Search code examples
pythongoogle-colaboratorybioinformaticsrdkitcheminformatics

rdkit ArgumentError: Python argument types in rdkit.Chem.rdMolDescriptors.GetAtomPairFingerprint(str) did not match C++ signature:


I'm currently working with peptide data and am trying to extract a atom-pair fingerprint from a peptide dataset, to be used in a machine learning classifier.

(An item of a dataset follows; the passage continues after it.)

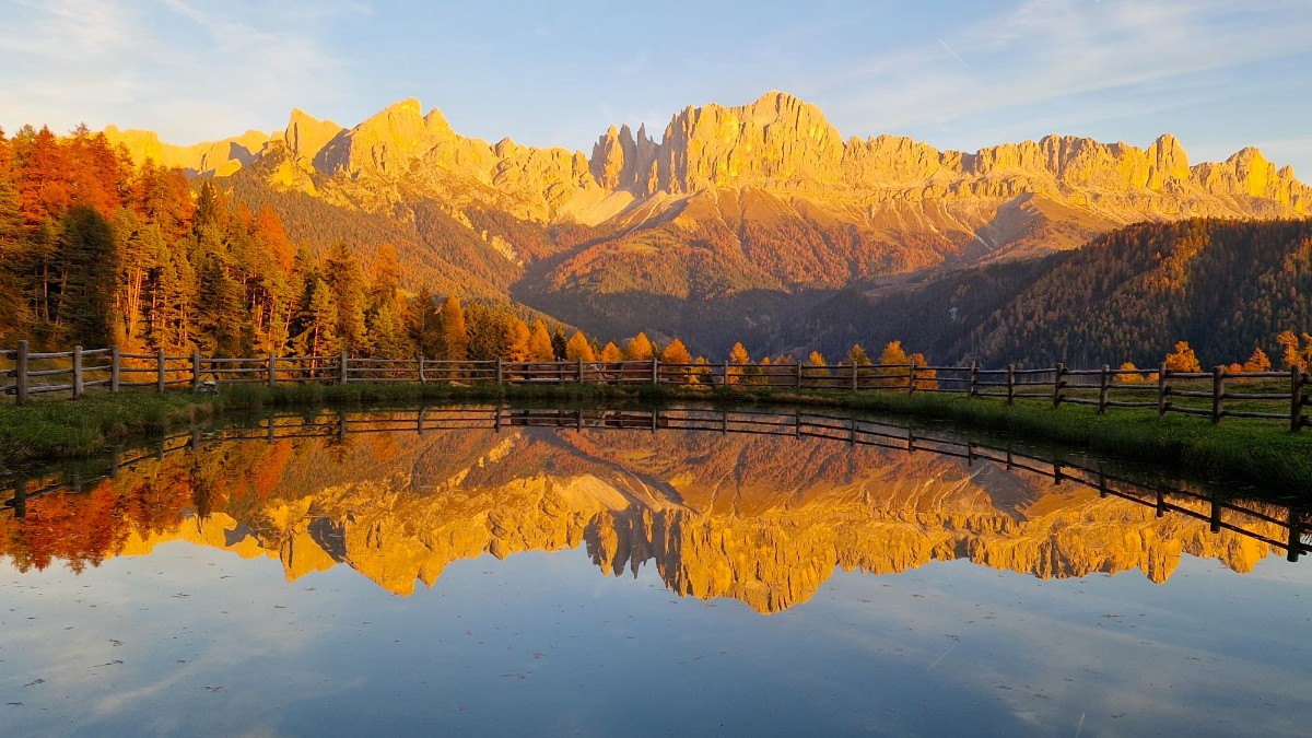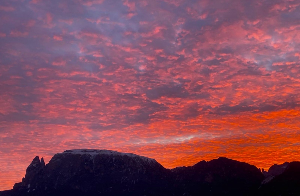 Die Dolomitenbewohner haben für dieses Phänomen eine eigene Geschichte erzählt, die Sage von König Laurin und seinem Rosengarten und da erzählt man sich: „Vor langer Zeit lebte im Felsmassiv des Rosengartens ein Zwergenvolk. König Laurin verliebte sich in die Tochter des Königs und plante, sie zu rauben. Doch die Männer des Königs zogen aus, um sie zurückzuholen. Um sich dem Kampf zu stellen, zog Laurin eine Tarnkappe über. Doch als er heimlich durch seinen Rosengarten schlich, verrieten die Blumen seine Position, und er wurde gefangen genommen. In seiner Wut verfluchte Laurin den Rosengarten, sodass er weder bei Tag noch bei Nacht blühen sollte –jedoch die Dämmerung vergaß er. So leuchtet der Rosengarten bis heute nur in den magischen Momenten des Sonnenuntergangs wenige Minuten und verzaubert alle, die das Glück haben, dieses Naturschauspiel zu erleben. Die Dolomiten, nicht umsonst ein „Weltnaturerbe“, sind bekannt für ihr außergewöhnlich farbintensives Leuchten – so intensiv, dass man auch von den Burning Dolomites („brennende Dolomiten“) spricht.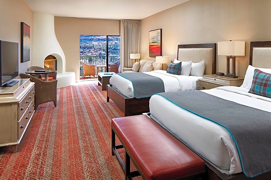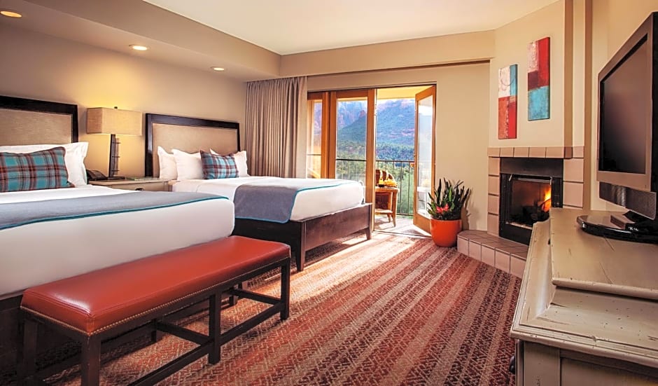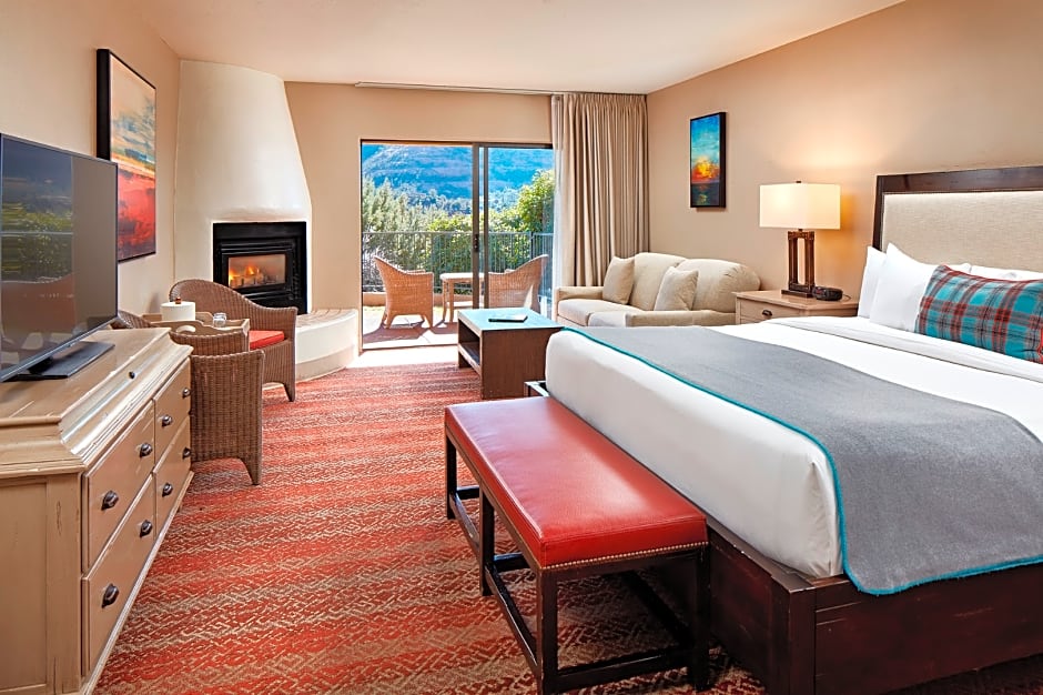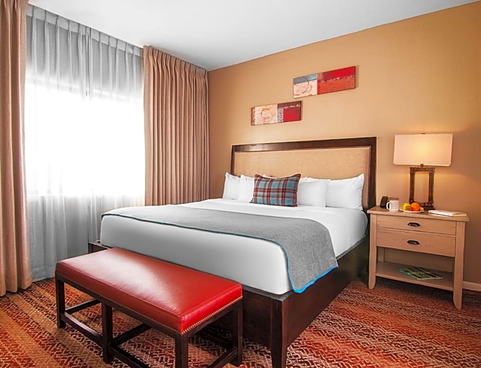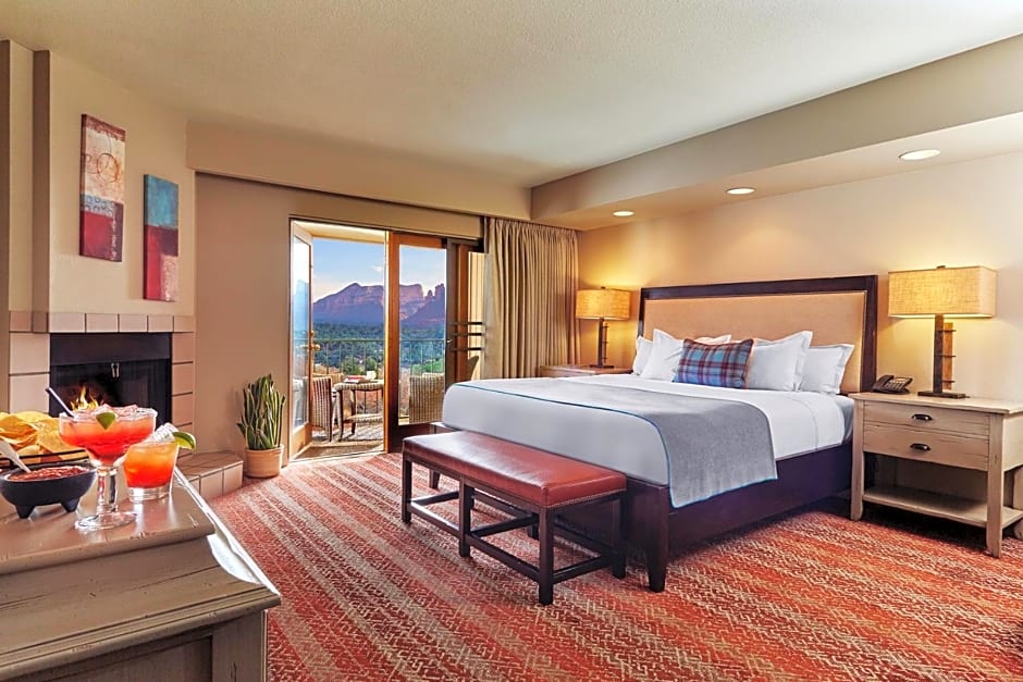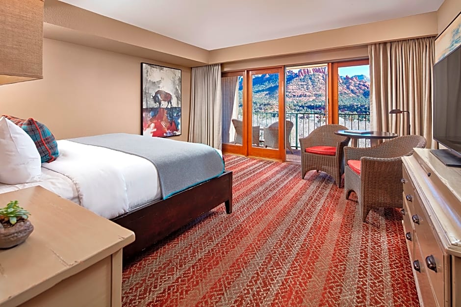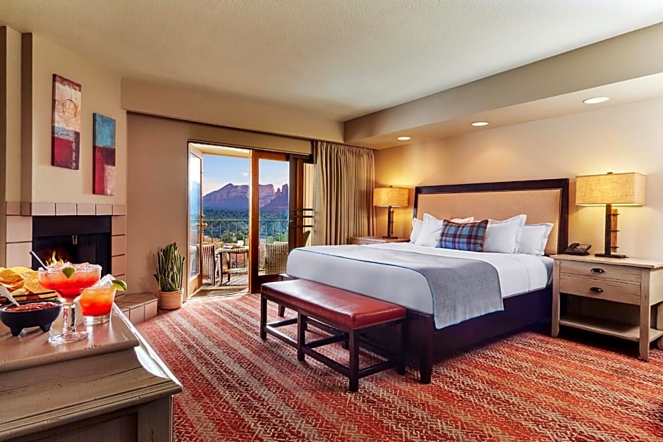 Experience luxury and breathtaking mountain views in our Red Rock Deluxe King Room. This spacious 355 sqft room features a private balcony, flat-screen TV, and a comfortable king size bed. Perfect for a romantic getaway or family vacation.

I've set my peptide sequences into a list (with all of them converted to SMILES strings), and am now iterating through the list to create a fingerprint for each peptide. But I don't have any clue what's going wrong. Note: I am using Google Colab to complete this.

Here is my code:

pos = "/content/drive/MyDrive/pepfun/Training_format_pos (1).txt"

# pos sequences extract into list
f = open(pos, 'r')
file_contents = f.read()
data = file_contents
f.close()

newdatapos = data.splitlines()
print(newdatapos)

!pip install rdkit-pypi
import rdkit
from rdkit import Chem

# fingerprints for pos sequences

from rdkit.Chem.AtomPairs import Pairs
fingerprintpos = []
for item in newdatapos:
  converteditem = rdkit.Chem.MolToSmiles(Chem.MolFromFASTA(item))
  atompos = Pairs.GetAtomPairFingerprint(converteditem)  
  fingerprintpos.append(atompos)

print(fingerprintpos)

Any advice is greatly appreciated. Thank you!


Solution

  • Fingerprints are calculated from mol objects not from SMILES. converteditem = Chem.MolFromFASTA(item) should work.